SudoRules has a way of doing some cleaning before identifying the tridagon: solving with preferences. It may work or not; it may also destroy the tridagon. In the present case, it works with bivalue-chains.
I could probably have used a weaker preference set.

(solve-w-prefs "......45....9.53.6...4....7......5.3.9357..64..46..97..8.7......213.....6...4...9" BIVALUE-CHAINS)

Code: Select all

biv-chain[2]: r7n3{c8 c1} - r7n4{c1 c8} ==> r7c8≠1, r7c8≠2
biv-chain[3]: r8c8{n8 n4} - r8c1{n4 n7} - b9n7{r8c7 r9c7} ==> r9c7≠8
biv-chain[5]: r1n3{c5 c2} - b7n3{r9c2 r7c1} - b7n4{r7c1 r8c1} - r8n7{c1 c7} - r8n6{c7 c5} ==> r1c5≠6
whip[1]: b2n6{r3c6 .} ==> r3c2≠6, r3c3≠6
biv-chain[5]: r3n6{c6 c5} - r8n6{c5 c7} - r8n7{c7 c1} - c1n4{r8 r7} - c1n3{r7 r3} ==> r3c6≠3
hidden-single-in-a-column ==> r6c6=3

  +----------------------+----------------------+----------------------+
  ! 9      136    268    ! 128#   1238   7      ! 4      5      128#   !
  ! 1278   4      278    ! 9      128#   5      ! 3      128#   6      !
  ! 12358  135    258    ! 4      12368  1268#@ ! 128#   9      7      !
  +----------------------+----------------------+----------------------+
  ! 1278   167    2678   ! 128#   9      4      ! 5      128#   3      !
  ! 128    9      3      ! 5      7      128#   ! 128#   6      4      !
  ! 1258   15     4      ! 6      128#   3      ! 9      7      128#   !
  +----------------------+----------------------+----------------------+
  ! 34     8      9      ! 7      1256   126    ! 126    34     125    !
  ! 47     2      1      ! 3      568    9      ! 678    48     58     !
  ! 6      357    57     ! 128    4      128    ! 127    1238   9      !
  +----------------------+----------------------+----------------------+
tridagon for digits 1, 2 and 8 in blocks:
       b2, with cells (marked #): r3c6 (target cell, marked @), r2c5, r1c4
       b3, with cells (marked #): r3c7, r2c8, r1c9
       b5, with cells (marked #): r5c6, r6c5, r4c4
       b6, with cells (marked #): r5c7, r6c9, r4c8
==> r3c6≠1,2,8
naked-single ==> r3c6=6
end in W9

[denis_berthier]

.
If you're interested in this kind of puzzles, you can try the 35 ones I published here : http://forum.enjoysudoku.com/the-layered-structure-of-t-e-depth-d-t45647-4.html

All of them are in B19 - exceptional for a T&E(1) puzzle, beyond any possibility of computing a probability - and each of them is derived by a relatively simple process from some minimal puzzle in T&E(3).
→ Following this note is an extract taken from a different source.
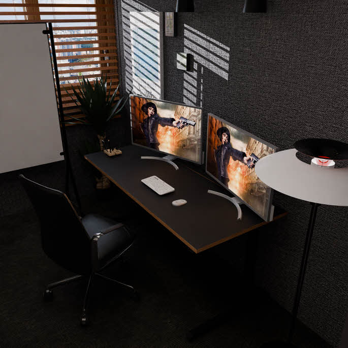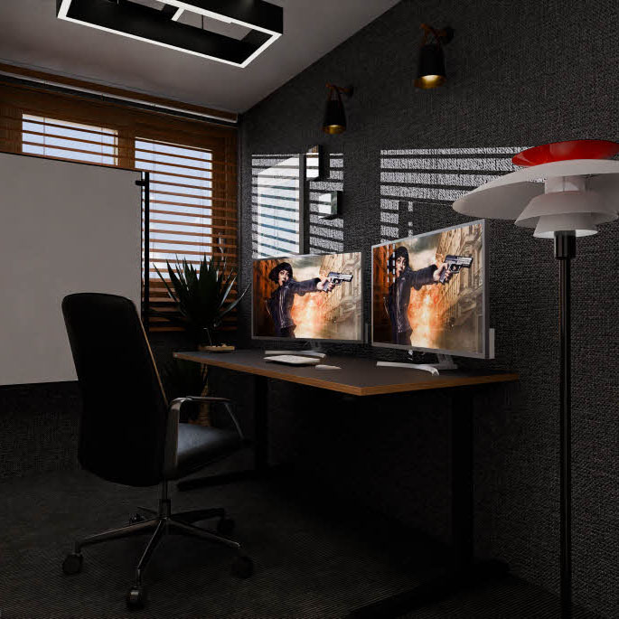 안방 내 알파룸은 재택근무용 사무실로, 시크한 블랙으로 오직 모니터만 돋보이게 연출했습니다. 디자인 업무를 하고 있어, 집중할 수 있는 환경을 만들었습니다.

The puzzle at the start of this thread is a scrambled version of the first there.
.

[eleven]

It's the combination of your first 2 patterns, a "twin pattern" (the 3 must be here or there), as totuan has called them.

... in the same way as people see a Quad when there are only 2 Pairs in the same line. Good for them if that makes them feel very smart.
.

So you and your program did not see, that one of the patterns must be true without the 3, and you can place 7r9c7.